Figure 2. Drug-induced inhibition of protein synthesis in ribosomes.

Inhibition of protein synthesis depicted as IC₅₀ (μM); IC₅₀ values represent the drug concentrations required to inhibit in vitro synthesis of firefly luciferase to 50%. (a) y axis: IC₅₀ mitohybrid ribosomes, x axis: IC₅₀ rabbit reticulocyte ribosomes; (b) y axis: IC₅₀ mitohybrid deafness ribosomes, x axis: IC₅₀ rabbit reticulocyte ribosomes.

Figure 3. In vivo activity of aminoglycoside compounds and comparators in a murine septicaemia model.

(a) Bacterial burden in kidney, CFU per g tissue. (b) Bacterial burden in blood, CFU ml⁻¹. The CFU values for the individual animals are indicated by dots, the mean of the group (five mice per treatment group) by the bar. The log reduction compared with the vehicle control as well as the P-values (non-parametric Kruskal–Wallis using pairwise comparisons) are indicated as numbers above each group. Colour coding—pre-treatment: light grey; vehicle control: dark grey; 30: red; 39: orange; 37: green; amikacin: light blue; paromomycin: dark blue; linezolid: violet. LOD, limit of detection.

Figure 4. Structures of antibiotics bound to the decoding center of the 30S ribosomal subunit.

(a) 3F_o—2F_c difference Fourier density around compound 1 (green) contoured at 1.0σ. (b) Superposition of antibiotics in the decoding center, colour coding as indicated by the numbering. (c) Decoding center of the 30S subunit (helix 44 of 16S RNA, orange; protein S12, light green), showing compound 1 in green. The conformation of A1492 and A1493 (grey) is shown. The benzyl ring is in proximity to the nucleobase of the flipped-out A1492. Also shown is a superposition with paromomycin (Par, salmon). (d) Superposition of helix 44 of 16S RNA for structures of 30S-compound 1 (green) and 30S-paromomycin (salmon, Protein Data Bank ID code 1FJG); the orientations of A1492 and A1493 that are flipped-out from helix 44 are tilted relative to the paromomycin structure. (e) View of compound 1 and loss of a hydrogen bond with O2P of A1493 compared with paromomycin. The benzyl ring is in proximity to the nucleobase of the flipped-out A1492.
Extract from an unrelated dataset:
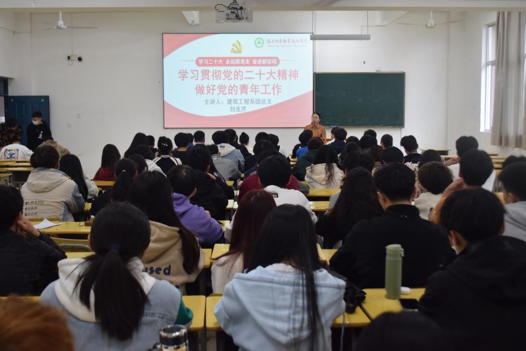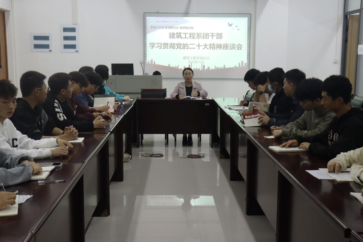 建筑工程系团总支在院党委、团委和系党总支的领导下,高度重视学习宣传党的二十大精神,为带领系部青年进一步领会党的青年工作的战略性要求和深刻内涵,用党的科学理论武装青年,用党的初心使命感召青年,2022年11月15日,建筑工程系学生科科长兼团总支书记刘克芹老师在教学楼为系学生干部作题为《学习贯彻党的二十大精神 做好党的青年工作》专题团课,领学党的二十大精神。

Figure 5. Aminoglycoside-induced misreading.

Dose–response curves of aminoglycoside-induced misincorporation of amino acids using the H245R near-cognate mutant F-luc mRNA as template. Shown is luciferase activity upon translation of mutant template relative to wild-type F-luc mRNA (mean±s.d.; n=3). (a) Bacterial ribosomes; (b) rabbit reticulocyte ribosomes. 1 (filled circles), paromomycin (open circles) and apramycin (open triangles).